De rechtbank stelt voorts vast dat de in ‘de beëdigde verklaring ter ondersteuning van het uitleveringsverzoek’ (mede) onder paragraaf 23 is vermeld dat de opgeëiste persoon wordt vervolgd voor zijn rol in het succesvol infecteren van computers in het arrondissement van New Jersey. De feiten zijn in die zin (mede) begaan op het grondgebied van de Verenigde Staten van Amerika. Uit de stukken blijkt voorts dat het effect/gevolg van de verweten gedragingen zich in ieder geval grotendeels binnen de Verenigde Staten van Amerika heeft gemanifesteerd. Gelet op deze omstandigheid en op grond van het vertrouwensbeginsel is het naar het oordeel van de rechtbank zonder meer aannemelijk dat de Verenigde Staten van Amerika ten aanzien van de verweten gedragingen rechtsmacht toekomt. Dat dit naar het oordeel van die autoriteiten ook het geval is, blijkt reeds uit het uitleveringsverzoek.

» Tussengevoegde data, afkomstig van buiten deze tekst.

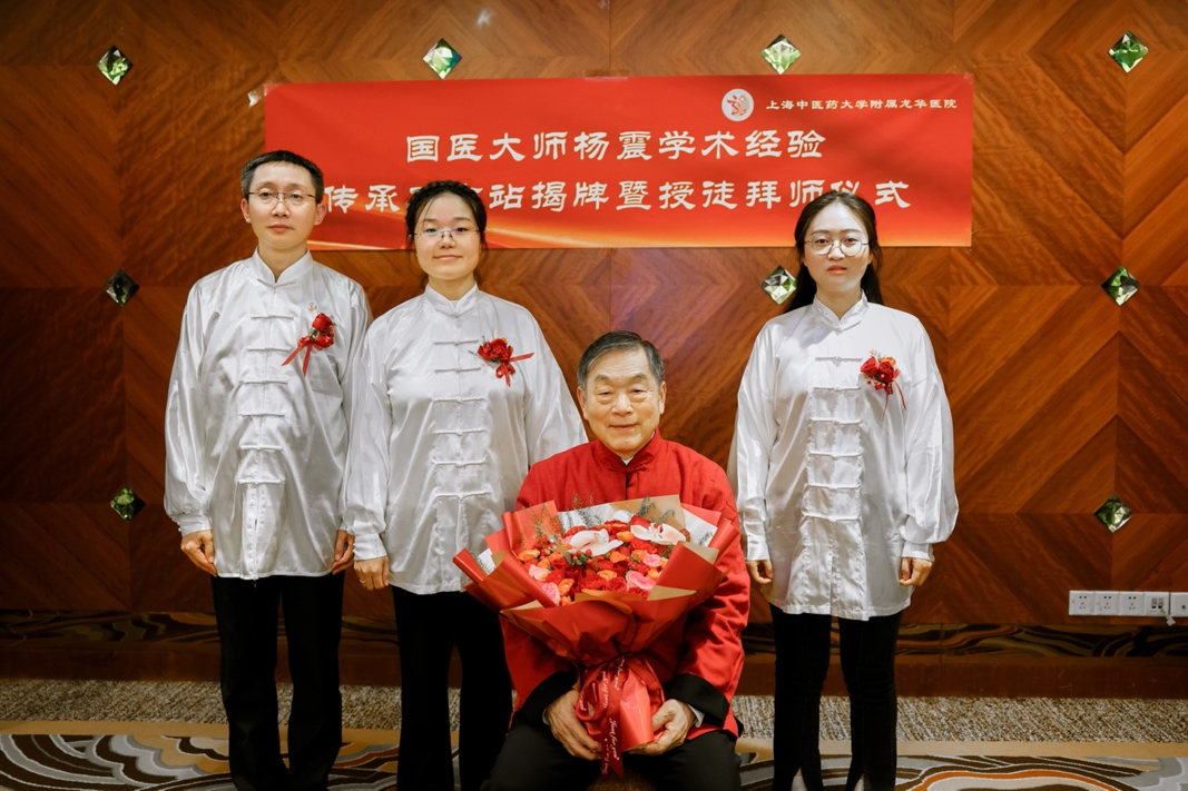 近日,杨震国医大师传承工作站在上海中医药大学附属龙华医院签约、揭牌,并举行授徒拜师仪式。
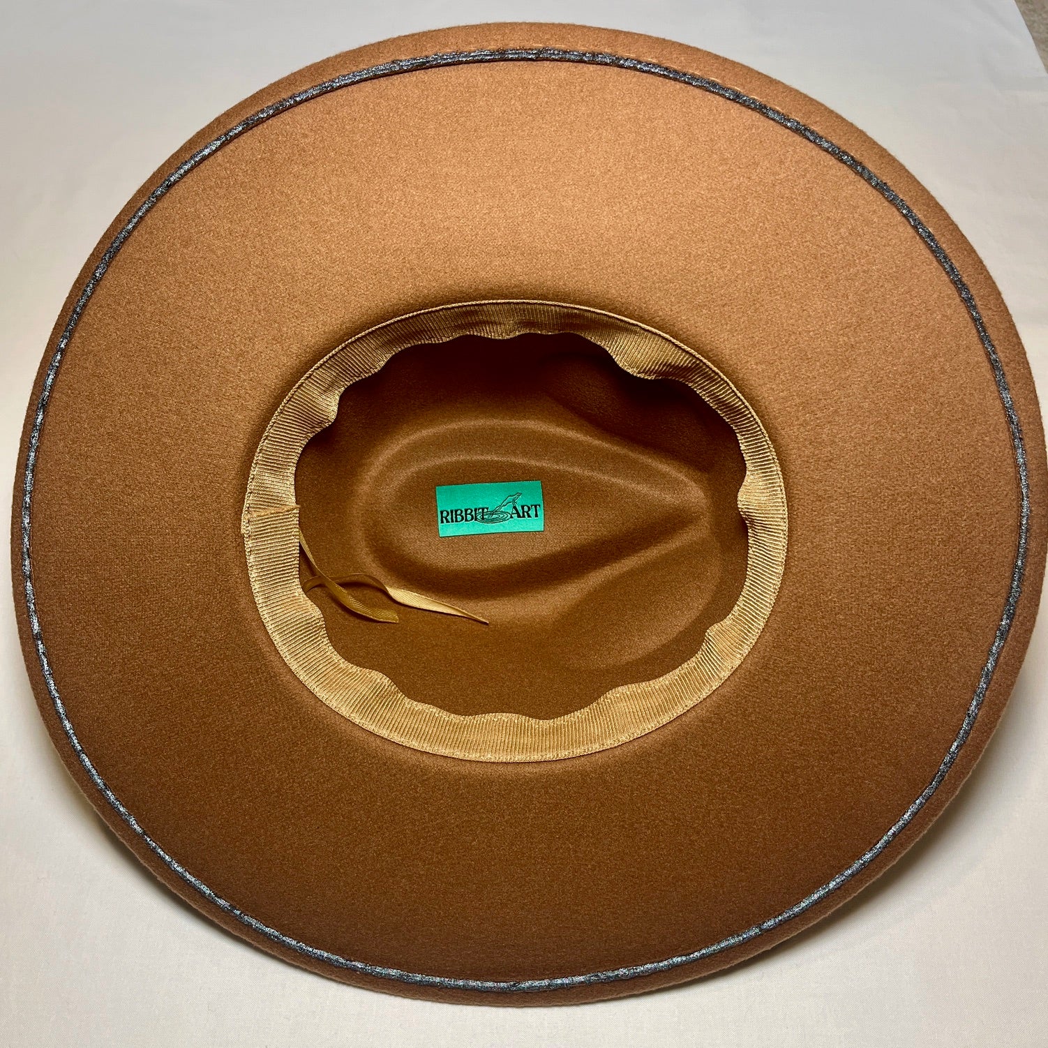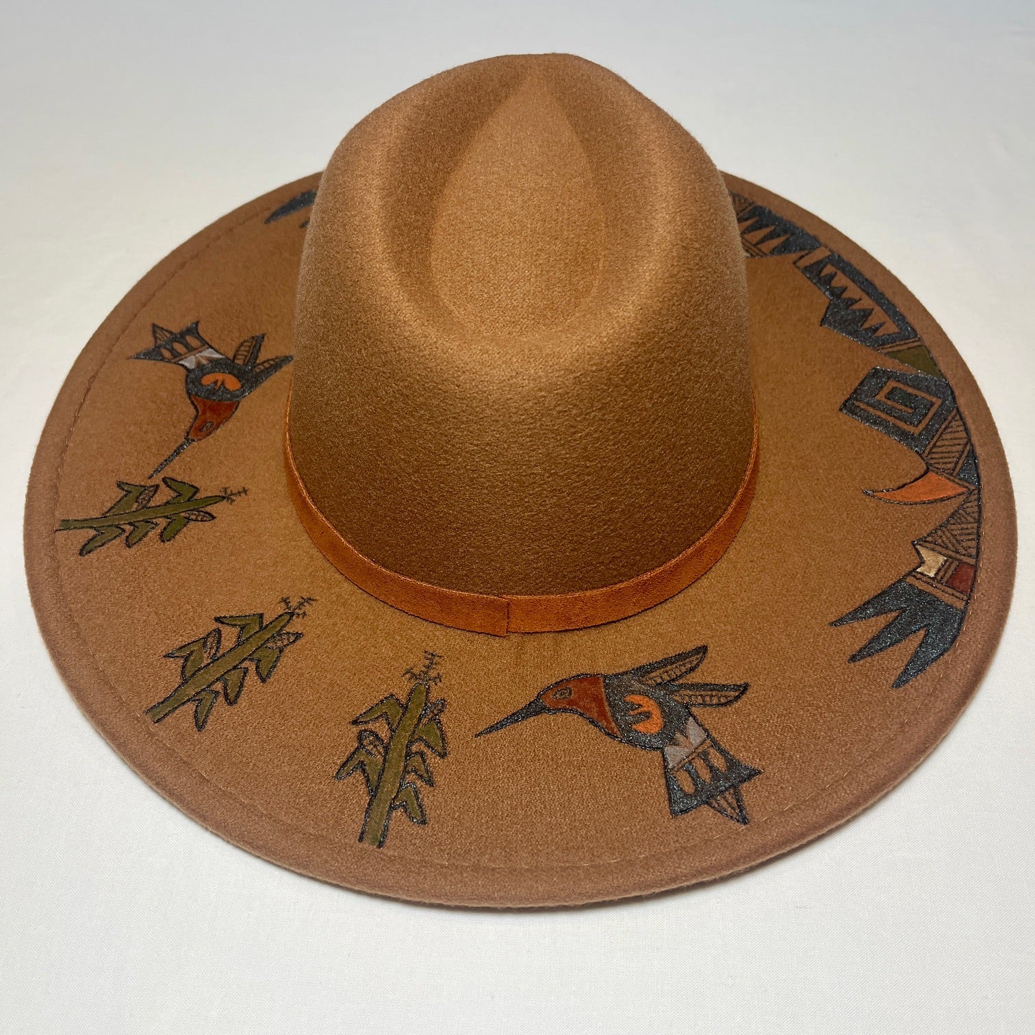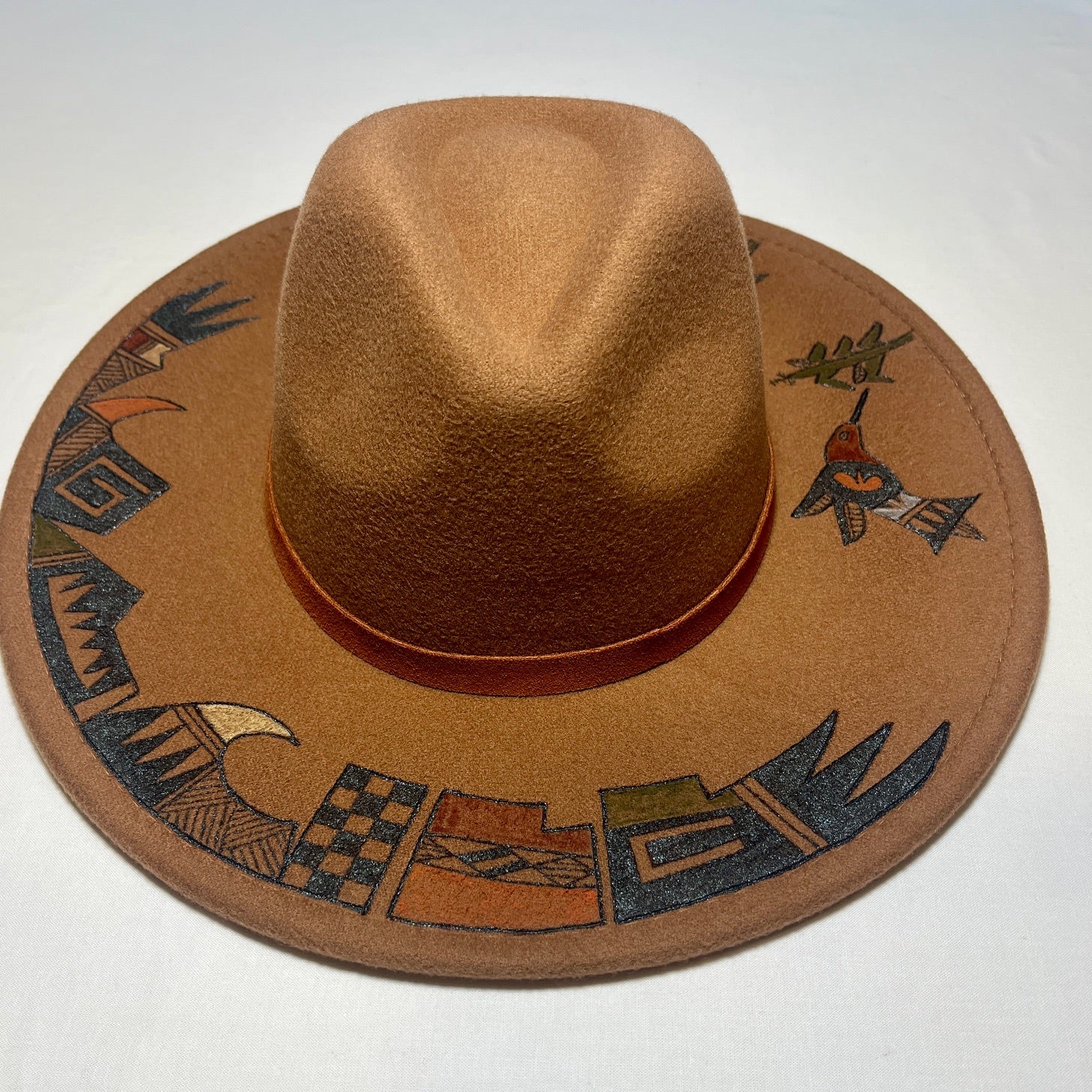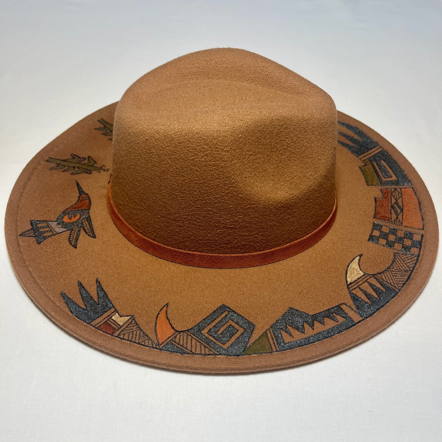 The Acoma Pueblo people inspire this hat. Burned and painted by hand. The hat band is leather.
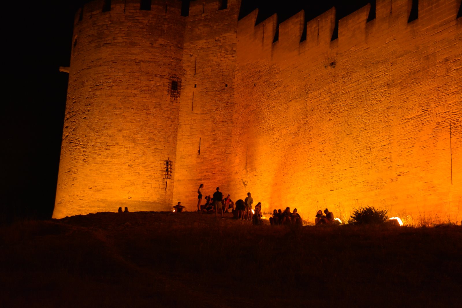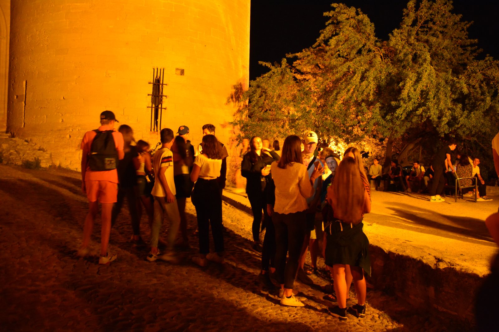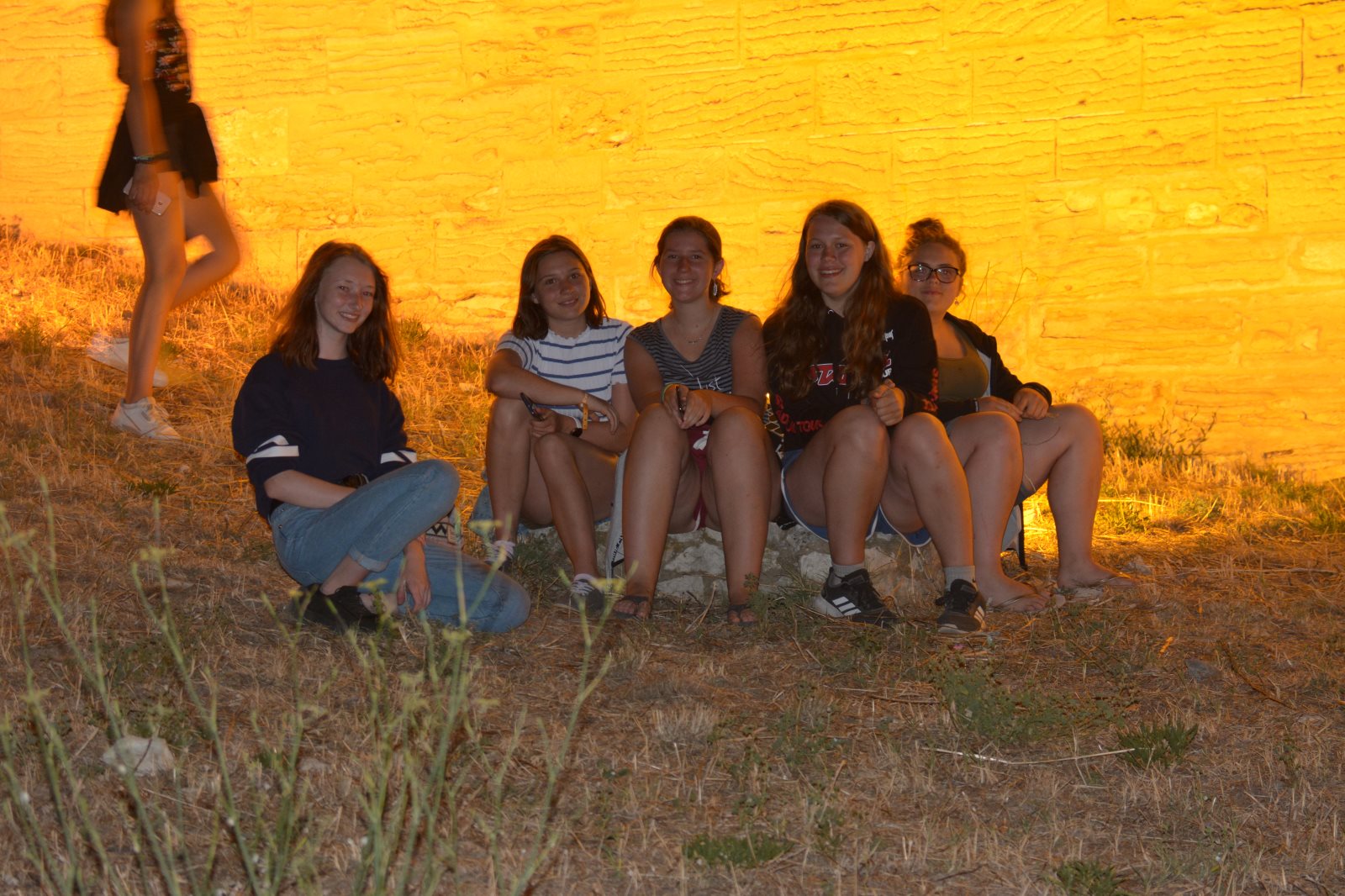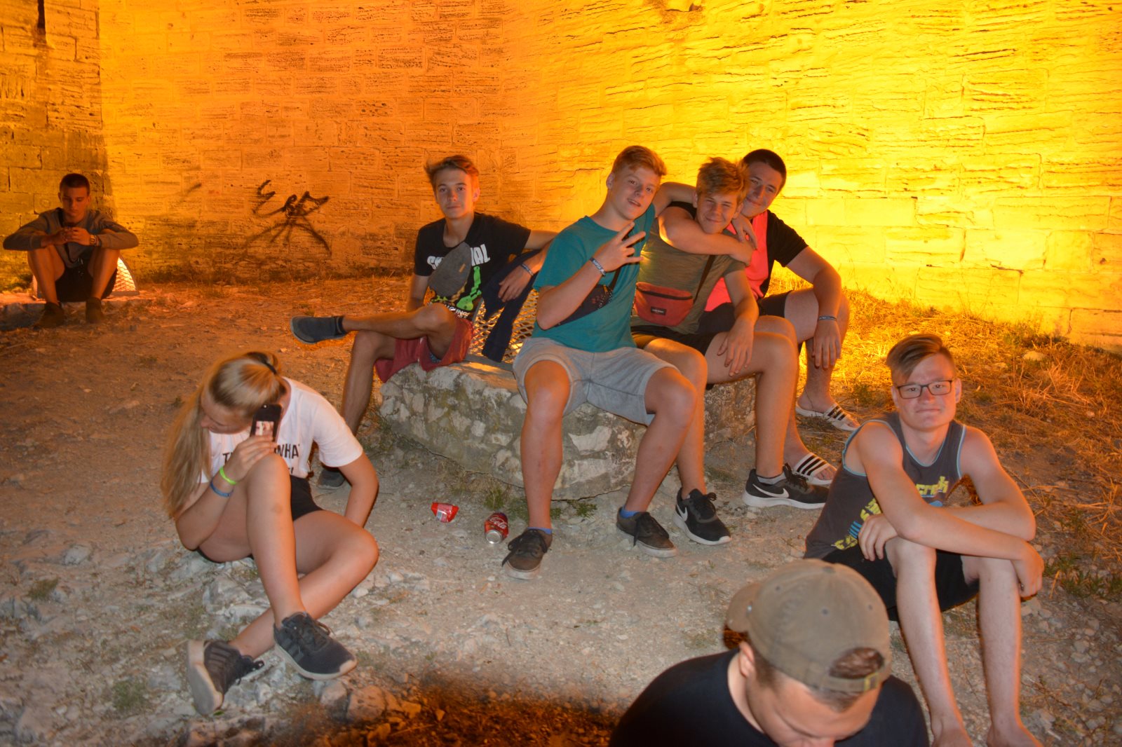 Mit Joni und Anton sind sie im Dunkeln auf die Burg gestiegen. Zur guten Laune trug schon einmal bei, das ein Mädchen vor einen Mast gelaufen war. Oben auf der Burg hatte man einen sehr schönen Blick auf Avignon. Nur das Feuerwerk fehlte. Wie wir jetzt wissen, musste es wegen Trockenheit und starkem Wind abgesagt werden.
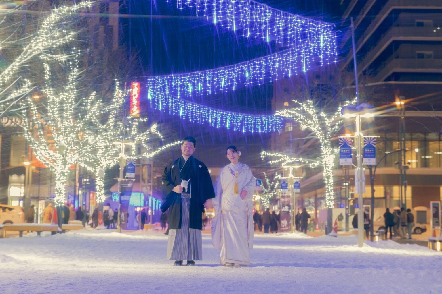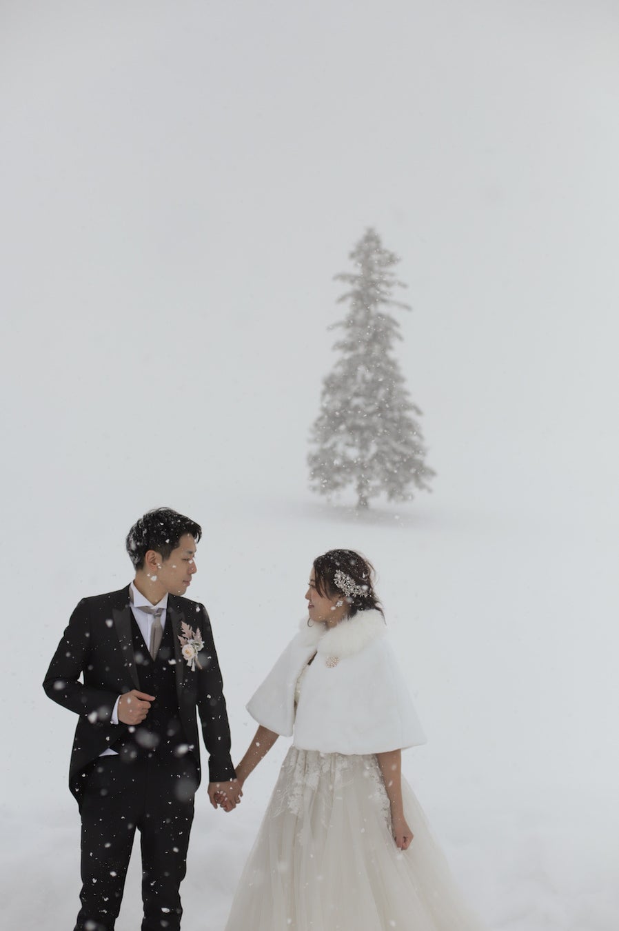 カップルにおすすめの体験はロケーションフォトウエディング。一面の銀世界に映える白無垢や色打掛、純白のウェディングドレスは、まるで絵画のような特別な一枚を創り出します。

Mede in aanmerking genomen dat het uitleveringsverzoek strekt tot strafvervolging, is het in ‘de beëdigde verklaring ter ondersteuning van het uitleveringsverzoek’ opgenomen overzicht van de feiten voldoende duidelijk en nauwkeurig om op basis daarvan te beoordelen of aan de voorwaarden voor uitlevering is voldaan. Het overzicht van de feiten voldoet dan ook aan de eisen die artikel 9, tweede lid, aanhef en onder b, c, d en e, van het Verdrag en artikel 18, derde lid, aanhef en onder b, van de UW daaraan stellen. Op grond van de overgelegde stukken oordeelt de rechtbank voorts dat daaruit een zodanig redelijk vermoeden van schuld van de opgeëiste persoon voortvloeit aan de feiten waarvoor de uitlevering is verzocht dat naar Nederlands recht zijn aanhouding dan wel enig nader onderzoek met het oog op de dagvaarding gerechtigd zou zijn (zie ook ECLI:NL:HR:2014:1571 en ECLI:NL:HR:2015:2754). Aldus is ook voldaan aan het bepaalde in artikel 9 lid 3 onder b van het Verdrag. De rechtbank verwerpt derhalve het verweer van de verdediging met betrekking tot de genoegzaamheid van de stukken.